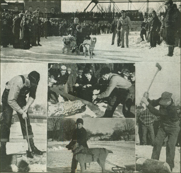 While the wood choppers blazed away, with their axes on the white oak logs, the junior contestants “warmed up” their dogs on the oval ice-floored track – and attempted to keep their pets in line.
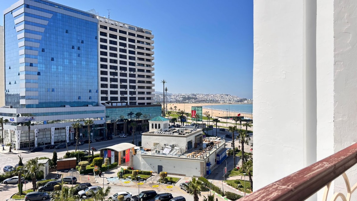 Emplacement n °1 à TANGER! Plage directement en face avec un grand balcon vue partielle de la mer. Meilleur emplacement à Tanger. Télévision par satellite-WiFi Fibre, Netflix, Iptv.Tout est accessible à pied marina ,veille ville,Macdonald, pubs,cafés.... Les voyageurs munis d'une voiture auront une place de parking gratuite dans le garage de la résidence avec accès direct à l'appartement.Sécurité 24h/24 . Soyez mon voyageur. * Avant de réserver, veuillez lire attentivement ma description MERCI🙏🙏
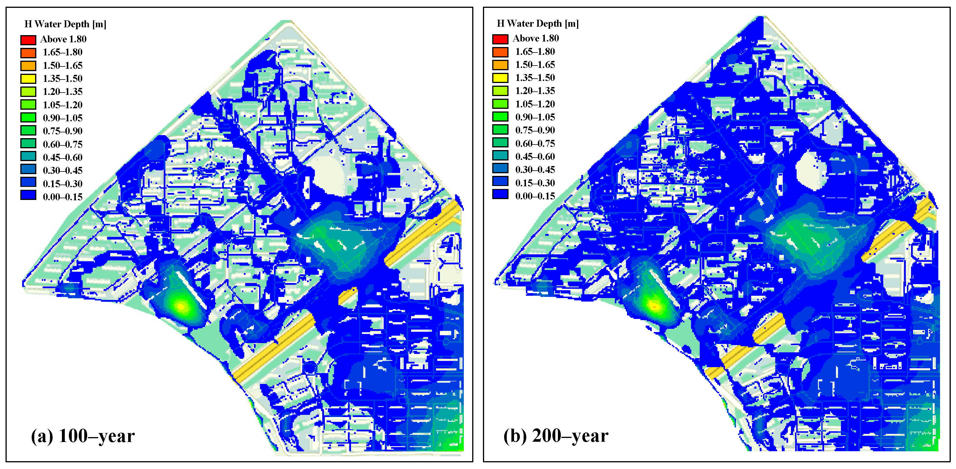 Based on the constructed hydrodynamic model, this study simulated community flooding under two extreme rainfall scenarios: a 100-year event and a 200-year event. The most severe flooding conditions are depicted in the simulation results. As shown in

■ ■ ■

• Goal of the exercise:
Line by line, write out the material above exactly, with no images.

• Task solution:
 While the wood choppers blazed away, with their axes on the white oak logs, the junior contestants “warmed up” their dogs on the oval ice-floored track – and attempted to keep their pets in line.
 Emplacement n °1 à TANGER! Plage directement en face avec un grand balcon vue partielle de la mer. Meilleur emplacement à Tanger. Télévision par satellite-WiFi Fibre, Netflix, Iptv.Tout est accessible à pied marina ,veille ville,Macdonald, pubs,cafés.... Les voyageurs munis d'une voiture auront une place de parking gratuite dans le garage de la résidence avec accès direct à l'appartement.Sécurité 24h/24 . Soyez mon voyageur. * Avant de réserver, veuillez lire attentivement ma description MERCI🙏🙏
 Based on the constructed hydrodynamic model, this study simulated community flooding under two extreme rainfall scenarios: a 100-year event and a 200-year event. The most severe flooding conditions are depicted in the simulation results. As shown in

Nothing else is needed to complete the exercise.